Agent evals work like pytest: write functions named eval_*, and the framework discovers and runs them. The difference from tests: evals return scores (0–1), not just pass/fail, because agent output quality is a spectrum.

# eval_my_agent.py — discovered automatically by eval_discover()

def eval_tests_passed(ctx):
    """Did the agent get tests to pass?"""
    for s in reversed(ctx.steps):
        if s.tool_call.tool == "bash" and "pytest" in s.tool_call.args.get("command", ""):
            return s.tool_result.data.get("exit_code") == 0
    return False

def eval_efficiency(ctx):
    """Score 0-1: fewer steps = better."""
    return min(5 / max(ctx.step_count, 1), 1.0)

def eval_ioc_quality(ctx):
    """Return multiple metrics at once."""
    return {"precision": 0.9, "recall": 0.75, "f1": 0.82}

def eval_reasoning_gaps(ctx, llm):
    """LLM-as-judge: are conclusions supported by data?"""
    resp = llm.generate(f"Score 0-1: {ctx.final_output} supported by {ctx.session_log_text}?")
    return float(resp.strip())

Return anythingfloat, bool, str, dict, or EvalResult. The framework normalises. If your function takes an llm parameter, the framework passes the judge LLM automatically.

Attach to your loop

For live scoring during development:

from looplet import EvalHook

hook = EvalHook(
    evaluators=[eval_tests_passed, eval_efficiency],
    verbose=True,   # prints scores after each run
)
for step in composable_loop(..., hooks=[hook]):
    ...
print(hook.summary())          # "2 scored (avg 0.90)"
hook.save("evals/run_1.json")

Discover and batch-run across saved trajectories

from looplet import eval_discover, eval_run, EvalContext

evals = eval_discover("eval_my_agent.py")       # finds all eval_* functions
ctx = EvalContext.from_trajectory_dir("traces/run_1/")
results = eval_run(evals, ctx, judge_llm=my_judge)
for r in results:
    print(r.pretty())

The workflow: debug a run → notice a failure pattern → write a 5-line eval_* function → it runs automatically on every future run. Your debugging becomes your eval suite.
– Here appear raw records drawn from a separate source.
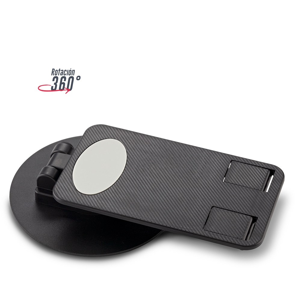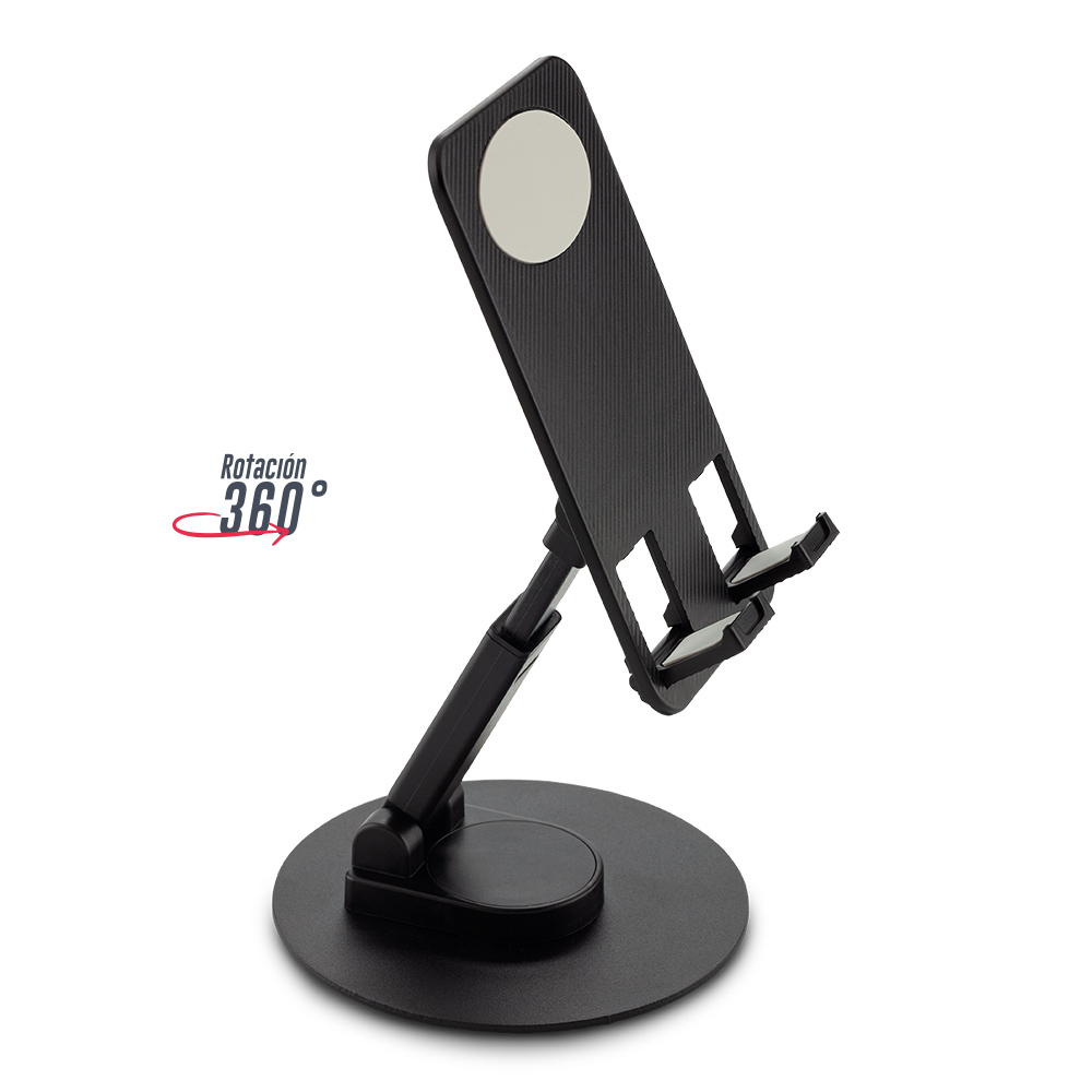 Soporte plástico con base metálica, plegable y escualizable con rotación de 360°. Accesorios antideslizantes en silicona. Empaque caja individual.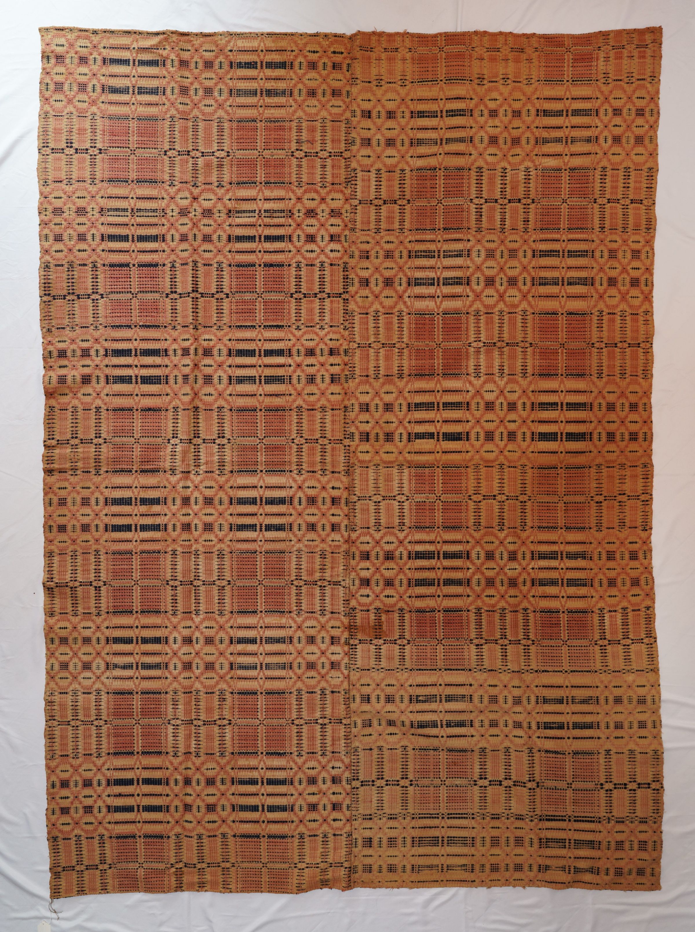 Natural, navy, and pink geometric coverlet; two panels joined by a center seam. No border or fringe.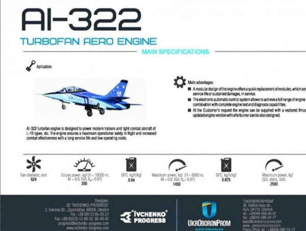 ?據烏克蘭媒體報道,烏克蘭馬達-西奇公司已經簽署了一份合同,將向中方供應400臺AI-322型渦輪風扇發(fā)動機,合同的總價值約為8億美元,中航國際控股公司是簽約的進口商。AI-322發(fā)動機被選定為中國研制的L-15高級教練機的動力系統(tǒng)。毫無疑問,中國這8億美元“雪中送炭”的輸血訂單,又可以讓烏克蘭馬達西奇公司得以續(xù)命很久了。

Discovery scope. eval_discover only collects functions defined in each eval_*.py file. Re-exports like from looplet import eval_mark are filtered out, so you can freely import decorators and helpers without them accidentally being run as evaluators.

Distinguish "done" from hook-triggered early stops

Hooks that terminate the loop early (budget caps, source counters, timeouts, quality gates) leave the agent without a done() call in the trajectory. Evals should dispatch on ctx.stop_reason:

def eval_completed_normally(ctx):
    """Agent called done() itself (not stopped by a hook)."""
    return ctx.completed          # shorthand for ctx.stop_reason == "done"

def eval_stopped_within_budget(ctx):
    """Either finished normally OR stopped by the budget hook (both are fine)."""
    return ctx.stop_reason in {"done", "budget_exceeded"}

def eval_not_hit_timeout(ctx):
    return ctx.stop_reason != "timeout"

stop_reason is populated from both live EvalHook runs (read from state) and saved trajectories (read from trajectory.json). Hooks should pass a meaningful label when they stop the loop:

from looplet import HookDecision

class BudgetCap:
    def should_stop(self, state, step_num, new_entities):
        if self.tokens > self.budget:
            return HookDecision(stop="budget_exceeded")   # shows up as ctx.stop_reason
        return False

Returning a plain True from should_stop is still supported; it records stop_reason="hook_stop".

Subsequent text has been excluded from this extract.